Frequently Asked Questions

Q: Why is the same query sometimes fast and sometimes slow, depending on where I run it?

It’s most likely parameter sniffing.

Q: What should you do when your index maintenance jobs take forever?

When you rebuild a 50GB table’s indexes, you’re basically reloading that table from scratch. SQL server has to make a brand-new copy of the table on new data pages, and it logs all this stuff in the transaction log – which means your backups take longer and your Availability Group gets way far behind.

If you’ve been rebuilding indexes nightly, consider easing that off to weekends instead. If you’re worried that will affect performance, you’re probably mixing up the difference between rebuilding indexes and updating statistics.
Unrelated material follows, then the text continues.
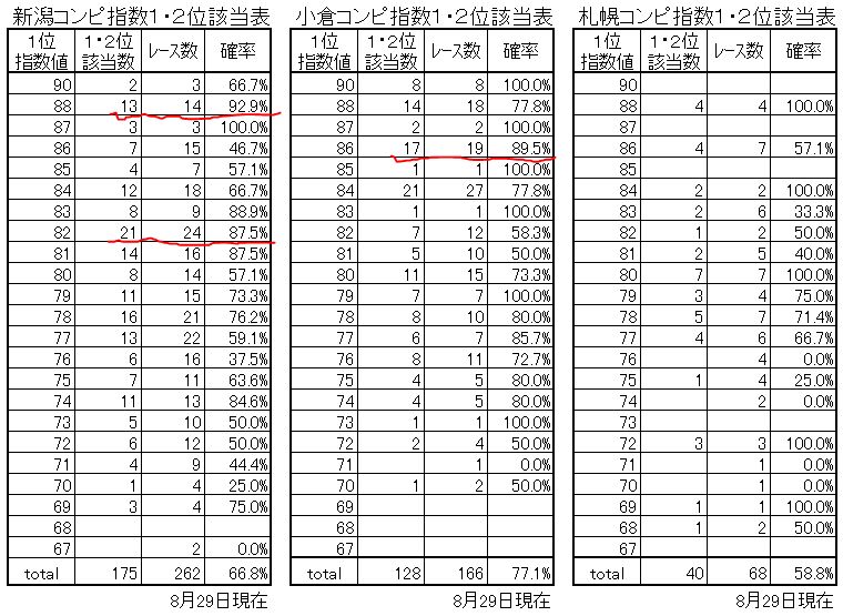 表の中に赤線を入れましたがこれらは確率が狙う上で適しているということです。その赤線の内訳は新潟88は1番目が絡んだのが10レースです。残りは2番目となります。ただし、1番目と2番目の組み合わせは5レースにありました。その時の絡みは1番目にだけプラスしています。従って2番目の3レースは1番目との絡み以外の数字ということになります。82も同様に1番目が16レースで2番目が5レースで1番目と2番目の絡みは5レースでした。小倉の86も同様に1番目が12レースで2番目が5レースで1番目と2番目では2レースありました。

Consider doing daily stats update jobs rather than rebuilding your indexes.

In general, statistics updates are way better than daily index rebuilds.

Q: Which cloud provider should you use to host SQL server?

  • If you run SQL Server in a VM, you can get m ore VM selection & performance at AWS
  • If you want to rent SQL server as a service, Microsoft’s Azure SQL DB Managed instances are quite a bit ahead of Amazon RDS

Find outdated statistics

How often do you update your statistics?

Here is my general advise: https://vinayrahulare.wordpress.com/2020/12/08/database-maintenance-best-practices/

Everyone’s criteria is different for how often you want to update the statistics.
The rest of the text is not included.